::: DATA RECORDS

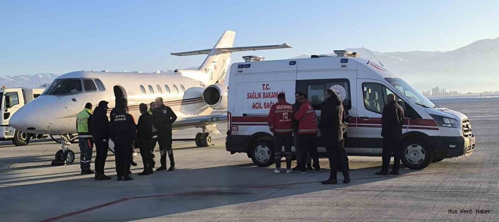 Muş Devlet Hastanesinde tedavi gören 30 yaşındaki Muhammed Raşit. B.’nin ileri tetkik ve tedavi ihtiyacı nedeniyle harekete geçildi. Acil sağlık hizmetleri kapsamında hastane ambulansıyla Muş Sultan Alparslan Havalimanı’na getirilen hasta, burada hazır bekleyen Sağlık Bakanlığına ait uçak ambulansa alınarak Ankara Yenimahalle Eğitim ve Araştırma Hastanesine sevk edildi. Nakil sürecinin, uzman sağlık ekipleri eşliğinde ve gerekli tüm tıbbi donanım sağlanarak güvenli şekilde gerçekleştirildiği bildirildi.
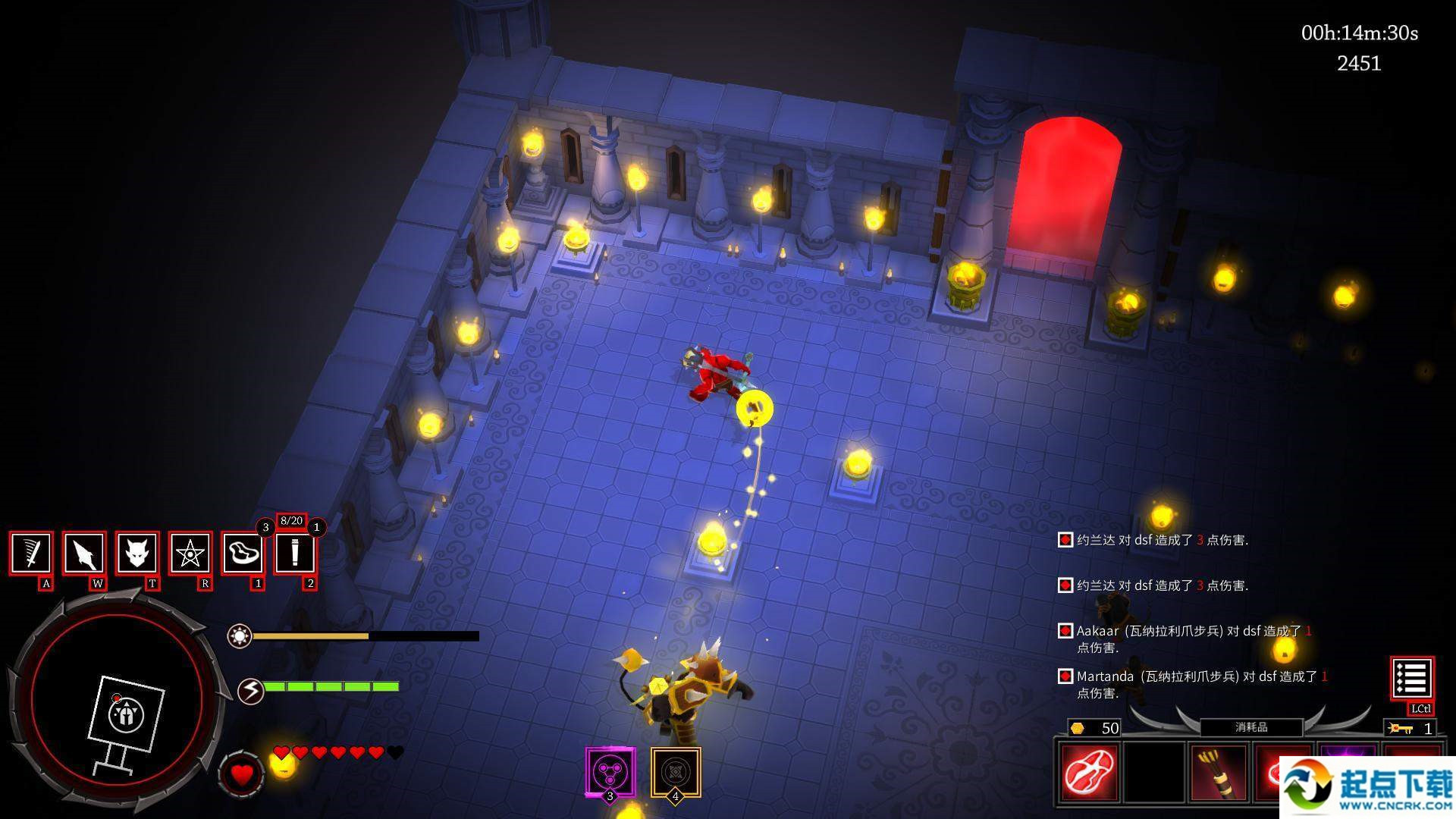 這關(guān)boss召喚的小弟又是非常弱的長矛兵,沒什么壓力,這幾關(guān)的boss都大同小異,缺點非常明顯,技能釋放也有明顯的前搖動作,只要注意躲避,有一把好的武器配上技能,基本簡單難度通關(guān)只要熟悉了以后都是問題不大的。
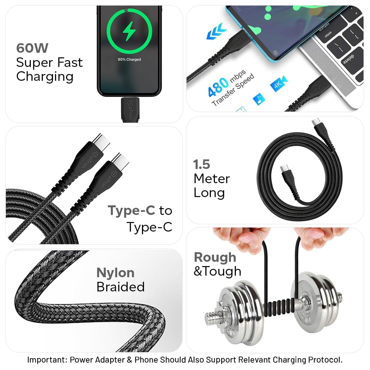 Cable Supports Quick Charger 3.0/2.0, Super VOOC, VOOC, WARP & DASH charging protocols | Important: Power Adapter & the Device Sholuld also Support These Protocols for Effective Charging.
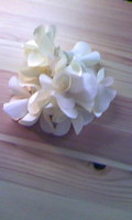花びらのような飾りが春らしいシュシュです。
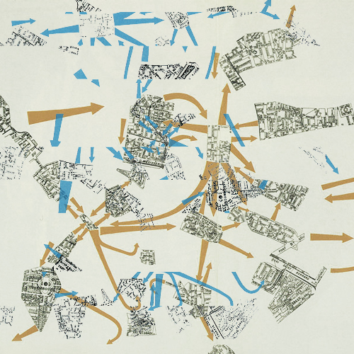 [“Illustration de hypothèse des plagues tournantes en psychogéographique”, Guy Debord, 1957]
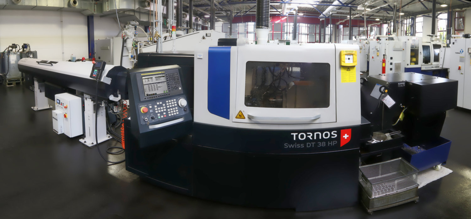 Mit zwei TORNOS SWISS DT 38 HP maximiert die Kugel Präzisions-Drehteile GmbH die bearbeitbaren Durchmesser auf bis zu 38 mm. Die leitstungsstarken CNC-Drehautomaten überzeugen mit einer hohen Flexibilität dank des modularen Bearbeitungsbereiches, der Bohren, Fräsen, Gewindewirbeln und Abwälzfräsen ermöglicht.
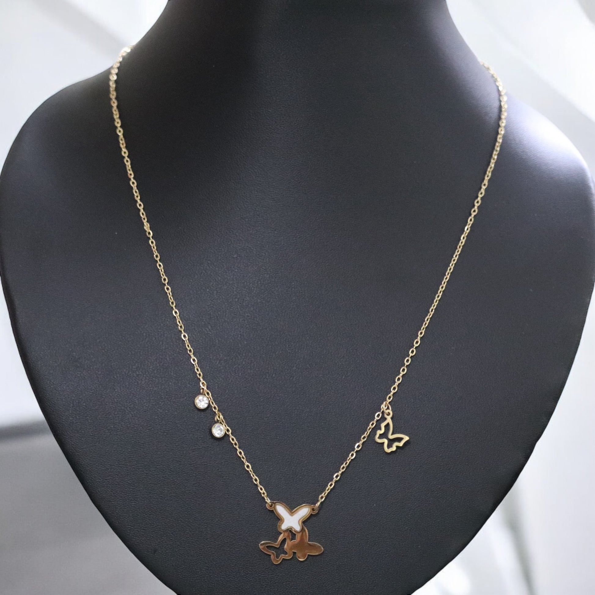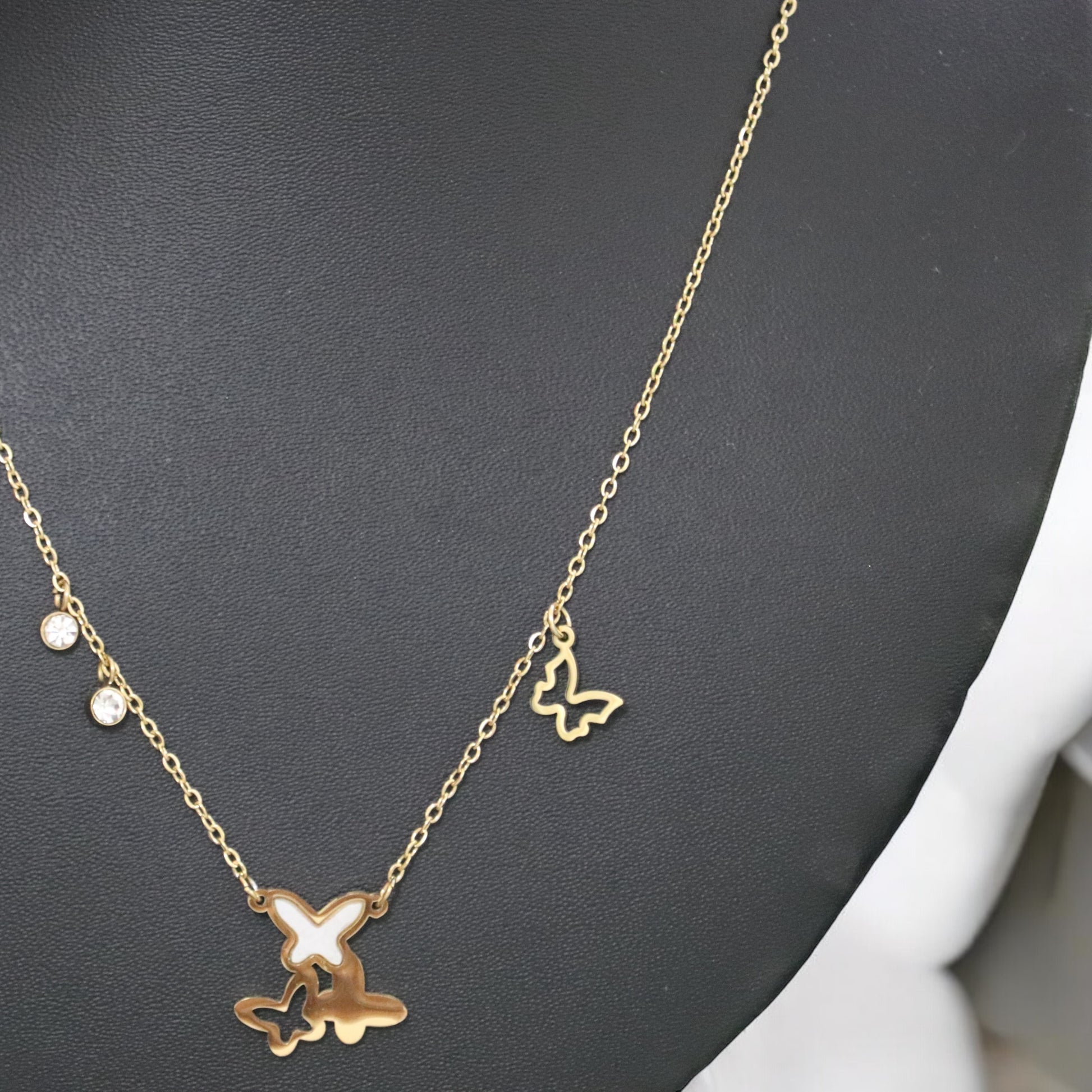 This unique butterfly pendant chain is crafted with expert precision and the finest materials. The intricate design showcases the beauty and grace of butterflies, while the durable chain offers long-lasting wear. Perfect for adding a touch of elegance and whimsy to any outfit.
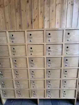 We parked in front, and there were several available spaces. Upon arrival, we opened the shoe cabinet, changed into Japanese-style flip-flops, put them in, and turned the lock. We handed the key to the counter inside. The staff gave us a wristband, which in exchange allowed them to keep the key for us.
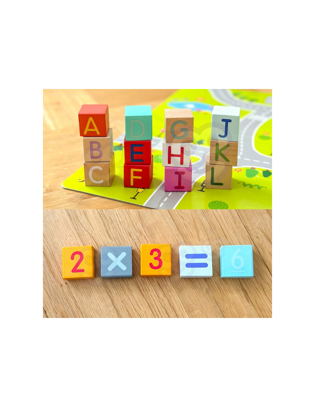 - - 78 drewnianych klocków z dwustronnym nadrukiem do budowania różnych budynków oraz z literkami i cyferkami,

::::::
::: DATA RECORDS

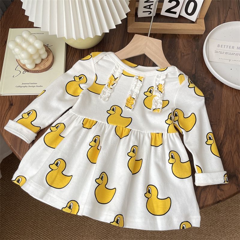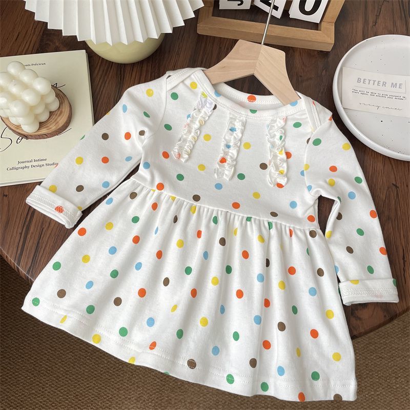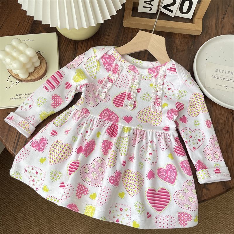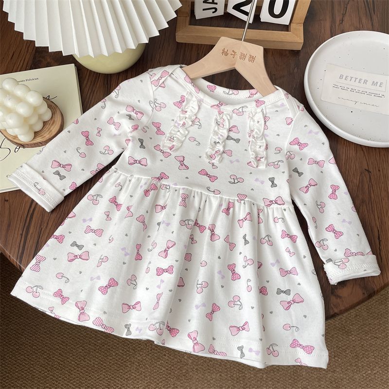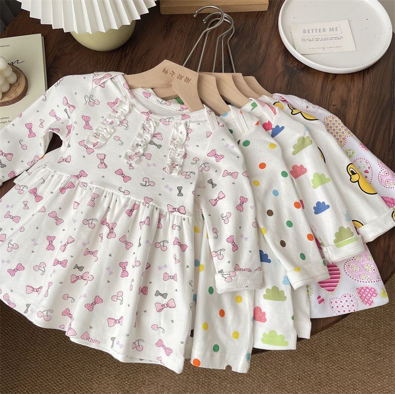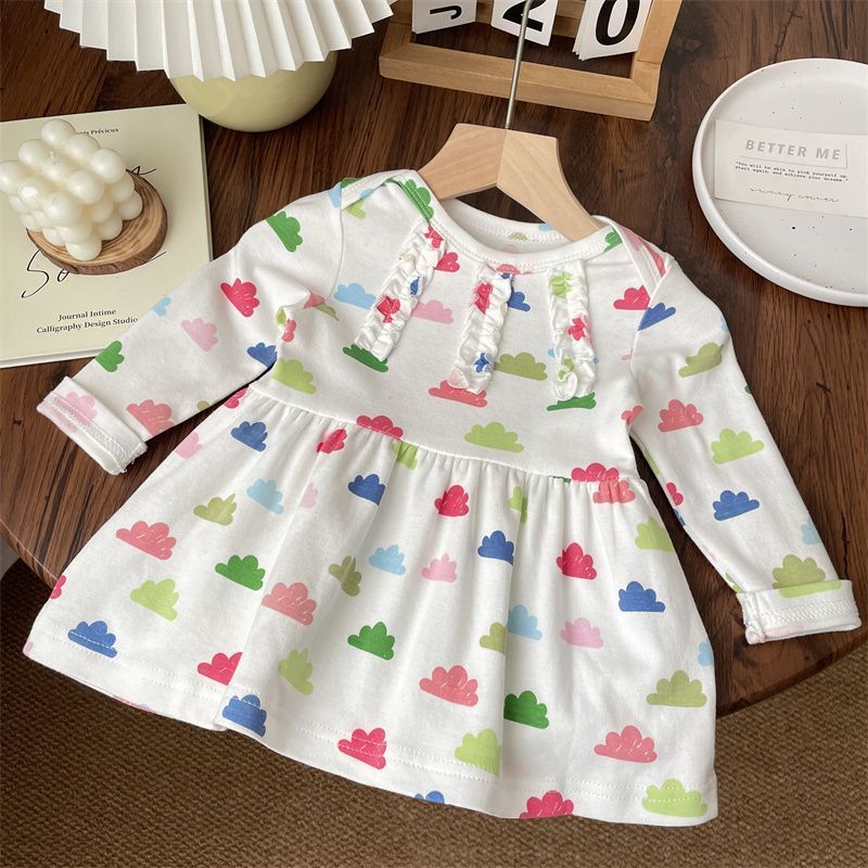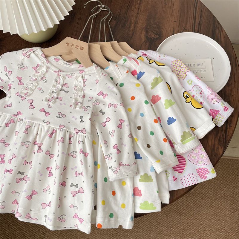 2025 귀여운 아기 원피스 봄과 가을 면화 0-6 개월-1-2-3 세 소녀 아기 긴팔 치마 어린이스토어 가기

::::::
::: DATA RECORDS

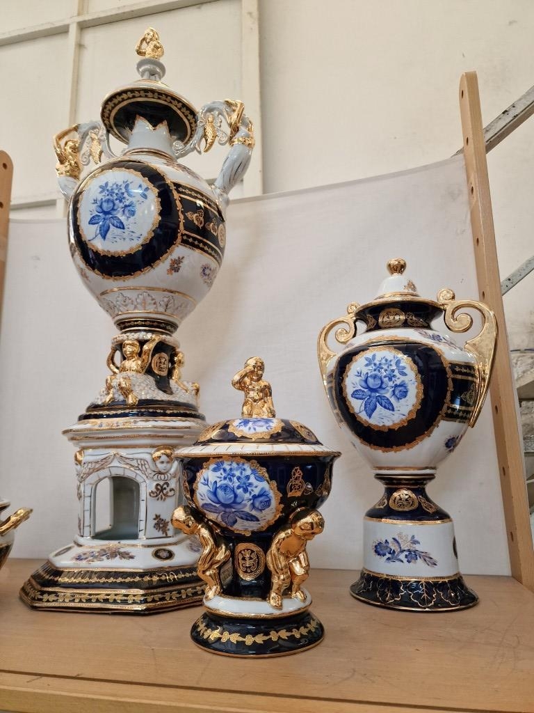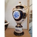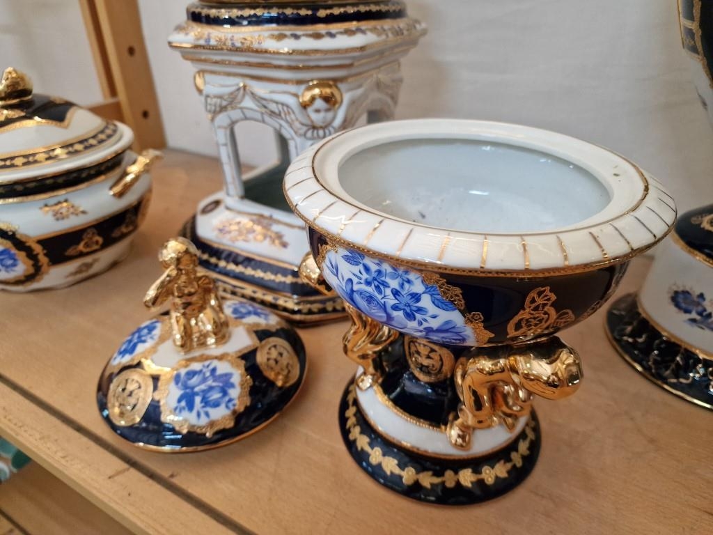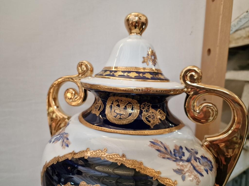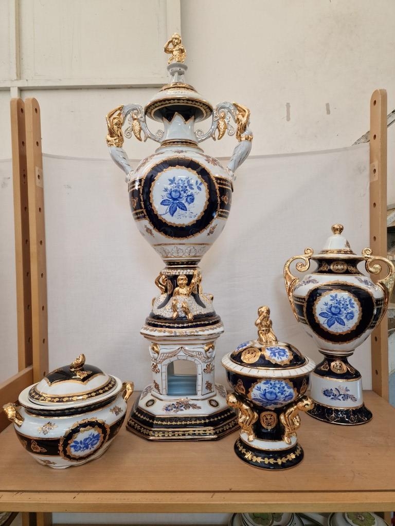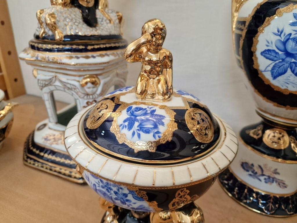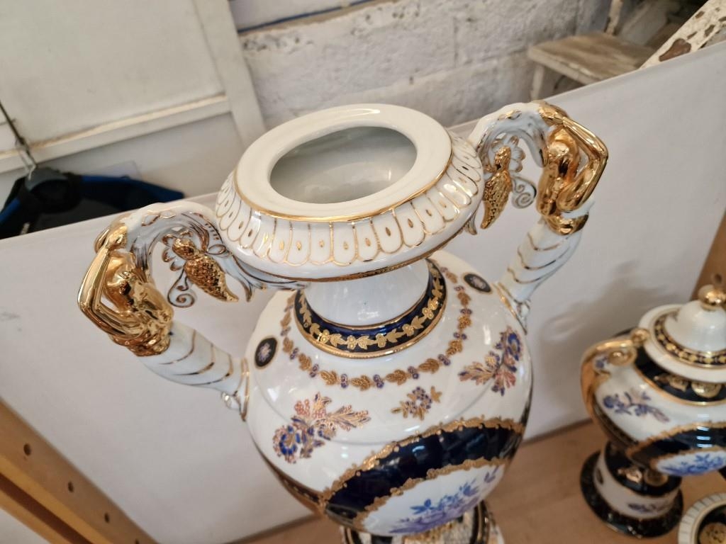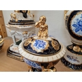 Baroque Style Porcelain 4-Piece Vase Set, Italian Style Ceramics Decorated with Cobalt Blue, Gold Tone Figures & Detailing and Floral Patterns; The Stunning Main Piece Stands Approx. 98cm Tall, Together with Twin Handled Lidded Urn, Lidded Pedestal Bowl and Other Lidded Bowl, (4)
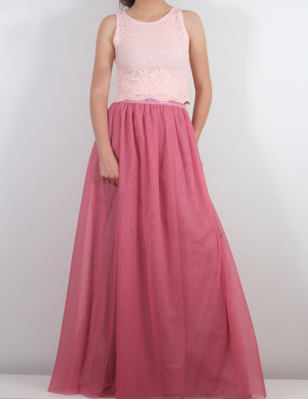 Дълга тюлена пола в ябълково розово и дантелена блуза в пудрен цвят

::::::

> REQUIREMENT:
Above is the material; set down exactly its lines from the one containing "We parked in" down to the one containing "- - 78 drewnianych", both included, leaving out any pictures.

> WRITTEN SOLUTION:
 We parked in front, and there were several available spaces. Upon arrival, we opened the shoe cabinet, changed into Japanese-style flip-flops, put them in, and turned the lock. We handed the key to the counter inside. The staff gave us a wristband, which in exchange allowed them to keep the key for us.
 - - 78 drewnianych klocków z dwustronnym nadrukiem do budowania różnych budynków oraz z literkami i cyferkami,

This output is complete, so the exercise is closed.